Of course, this exchange happens long after John Adams’s damnation of “foul, fetid, fuming, foggy, filthy Philadelphia,” proving that towns west of the Raritan River haven’t been spared in musicals. This is certainly true of the Midwest. Both Conrad Birdie and Mae Peterson show little respect for Sweet Apple, Ohio. Allentown (whence Rose Alvarez hails) is belittled in 42nd Street but not in Movin’ Out — though it could be, given that Billy Joel wrote an unflattering song about the town. In When Pigs Fly, gays sing “You need US to make the USA” and note that they inhabit Provincetown, New York, and San Francisco — adding that, “Without us, they’d be a lot more like Fort Wayne.” And, while I can’t immediately think of a show song that knocks St. Louis, the late super-producer David Merrick made up for it by steadfastly refusing to fly over the Missouri city — his hometown. Compare this reaction to that of the always kindly Oscar Hammerstein: He got laughs not by criticizing another Missouri town, Kansas City, but by aggrandizing it.

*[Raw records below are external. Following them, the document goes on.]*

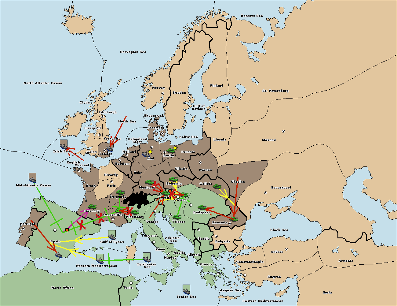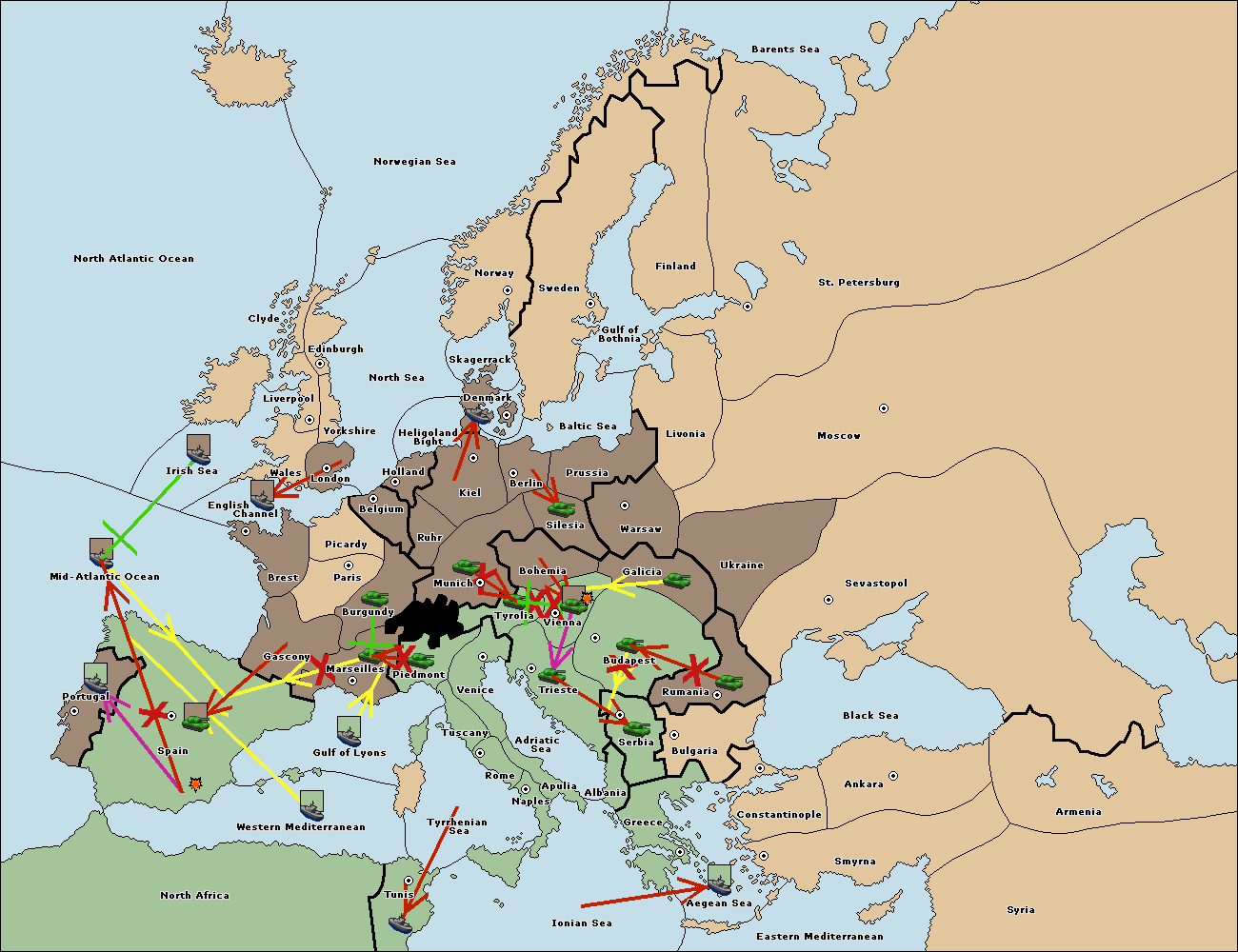 The fleet at Mid-Atlantic Ocean move to Western Mediterranean.
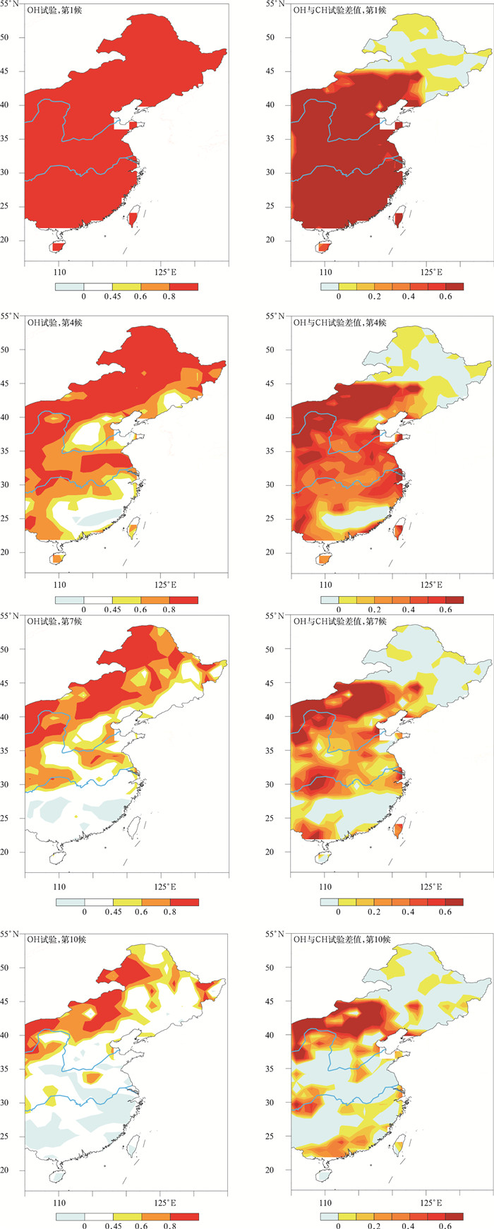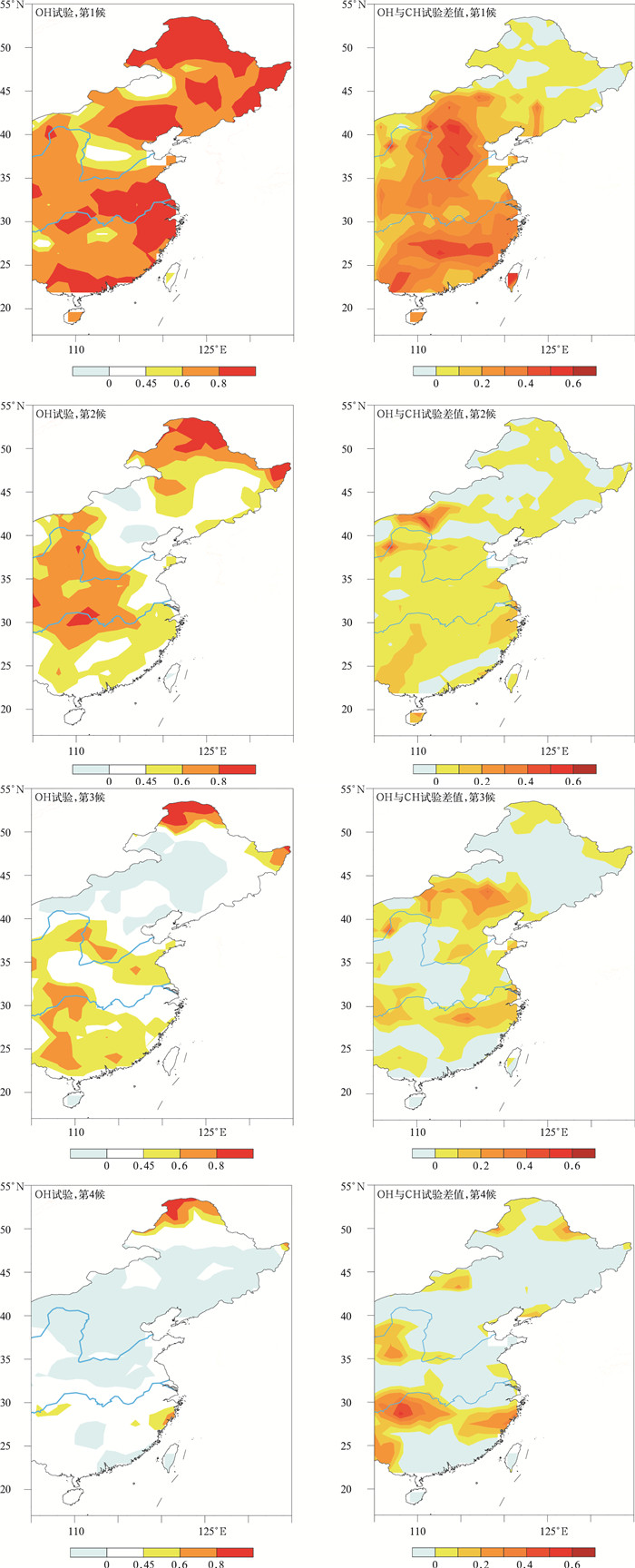 通过OH试验、CH试验结果与观测替代资料的相关系数的差值空间分布图可以清楚地看到,第1候,OH试验的相关系数明显高于CH试验,二者在东部地区差值超过0.2,在长江以南和华北地区最大可达0.4以上;第2~第3候,两组试验相关系数差值低于0.1;第4候,除长江以南地区外,其余地区OH试验模拟结果的相关系数均低于CH试验结果。即模式中表层土壤湿度初值的影响时间可持续3候左右;在3候以后,基于真实初值的预报和基于气候态初值的预报无太大差别。
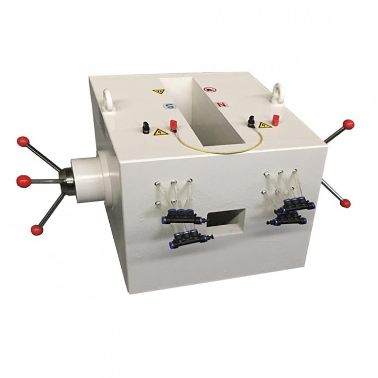 1、PEM-1005ST電磁鐵磁場發(fā)生器在雙軛水冷式H形結(jié)構(gòu)的基礎(chǔ)上改進的結(jié)果,對H型磁軛的上下磁軛增加了爐子或管道的進入通道,前后磁軛增加了觀察窗口。在外冷式電磁鐵的基礎(chǔ)上對冷卻系統(tǒng)進行改造,原來是銅管冷卻,改成水箱冷卻,冷卻效果提高200%。

Moving down to Texas: While there’s a famous celebration of “Big D” in The Most Happy Fella, Frank Loesser notes that “the rest of Texas looks a mess.” By the way, in Julie and Carol at Carnegie Hall, the two entertainers did that song and added a few quips. ANDREWS: “Austin?” BURNETT: “Wouldn’t get lost in!” ANDREWS: “Houston?” BURNETT: “Wouldn’t get juiced in!” Earlier in the evening, Burnett pointed out to Andrews that “You’re so London and I’m so San Antone.”

Follies
Follies

As for the Southwest, there isn’t much respect accorded Casamagordo, New Mexico in Look to the Lilies. (“Whoever thought that here we’d be?”) And isn’t there a bit of self-deprecation in Sally Durant Plummer’s tone when she tells us in Follies that she has come “direct from Phoenix?” Way out west — far beyond West End Avenue — a small California town took its lumps courtesy of Carolyn Leigh when she was writing lyrics for Smile (all of which would be scuttled in favor of Howard Ashman’s work). Leigh had her Young American Miss contestants complain about “Nightlife in Santa Rosa”: “There’s nothin’ but the flushin’ of the chemical johns from 7,000 mobile homes.” (I urge you to hear the lyric paired with Marvin Hamlisch’s delightfully bouncy melody on Sarah Zahn’s Witchcraft album from Harbinger.) Oh — and, before we close, let’s not forget the Alaskan town mentioned in New Faces of 1956. “April in Fairbanks,” sang Jane Connell, “there’s nothing more appealing; you find your blood congealing…Sub-zero weather will turn your skin to leather. Your jaws will lock together.”

Such jibes may or may not be true. But, lest we who live in the Big Apple get too confident, let’s remember what Mama Rose says in Gypsy after she’s told that “New York is the center of everything” by Mr. Grantziger’s assistant. “New York,” she sneers, “is the center of New York.” And she does have a point there.